The role of HNWIs and family offices in impact investing

The role of HNWIs and family offices in impact investing

The role of HNWIs and family offices in impact investing

Perhaps due to the increasingly heavy toll of issues like climate change and inadequate gun control on society, interest in responsible investment is rising. But as cost perceptions continue to hold smaller investors back, it falls on larger players to invest for good. That doesn’t just include institutions like pension funds and foundations; even high-net-worth individuals (HNWIs) and family offices are getting in on the act.
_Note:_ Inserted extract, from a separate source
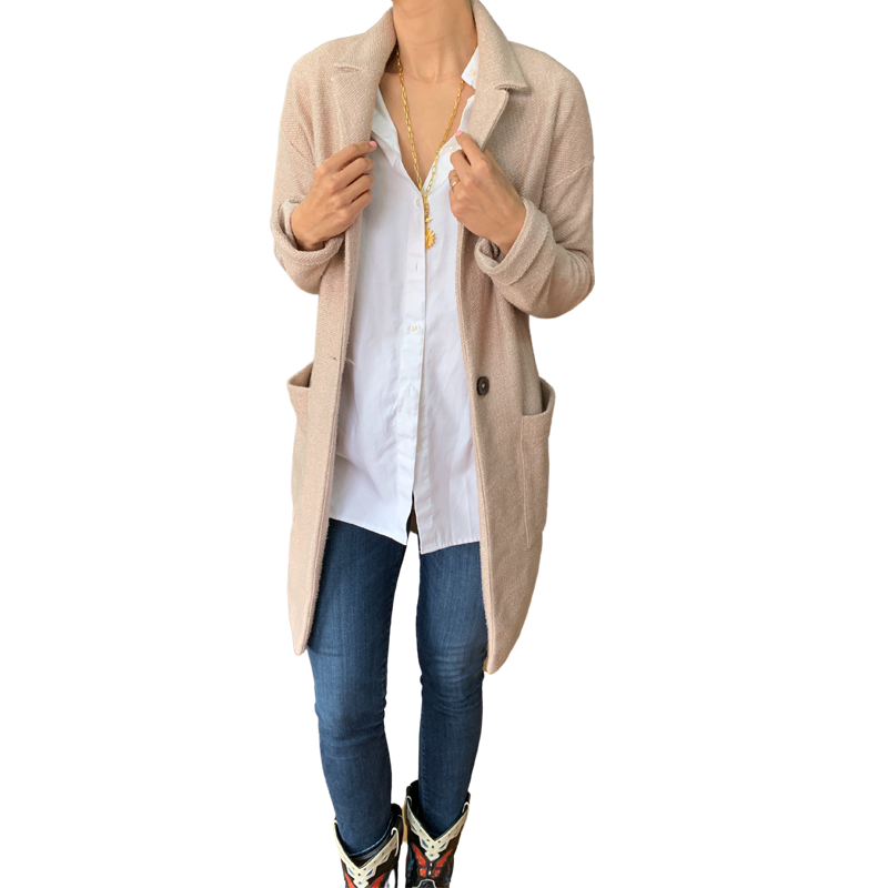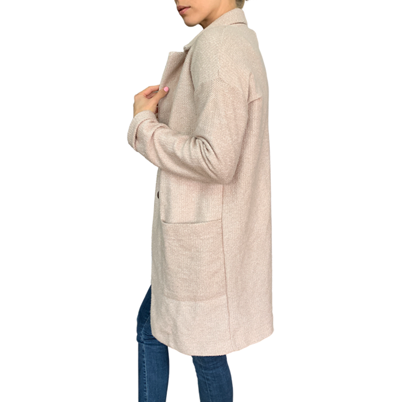 Abrigo tipo cardigan tejido en color Rosa Palo , con bolsillos de plastrón en ambos delanteros.

“More than 90% of HNWIs globally, particularly those under 40, believe that driving social impact is important,” said Pitchbook in a new report. “Many philanthropically motivated, wealthy investors choose to act on this conviction through their investment choices, and asset managers have increasingly adopted impact asset offerings to serve this demand.”

Citing a 2017 report by UBS, the firm said 28.3% of family offices utilized impact investing as a strategy; furthermore, 40% of investors polled expected to step up their impact/ESG investment commitments in 2018. Such investments tended to be allocated according to the impact theme that a capital provider wished to focus on.

Unlike foundations or other institutional investors with responsible mandates, HNWIs can be secretive about their investment preferences because they desire privacy. That means tapping them to raise funds can be difficult. Family offices also don’t share the same non-financial motivations that some institutions have, so asset managers that are new in the ethical investing space may have a hard time getting HNWIs on board.

“[But] unlike both foundations and [development finance institutions], LPs in this category can allocate capital to funds on a faster timeline, as they have fewer bureaucratic limitations,” the report said. “[And] the smaller check sizes most family offices or HNWIs target might make them ideal prospects for emerging managers raising smaller funds.”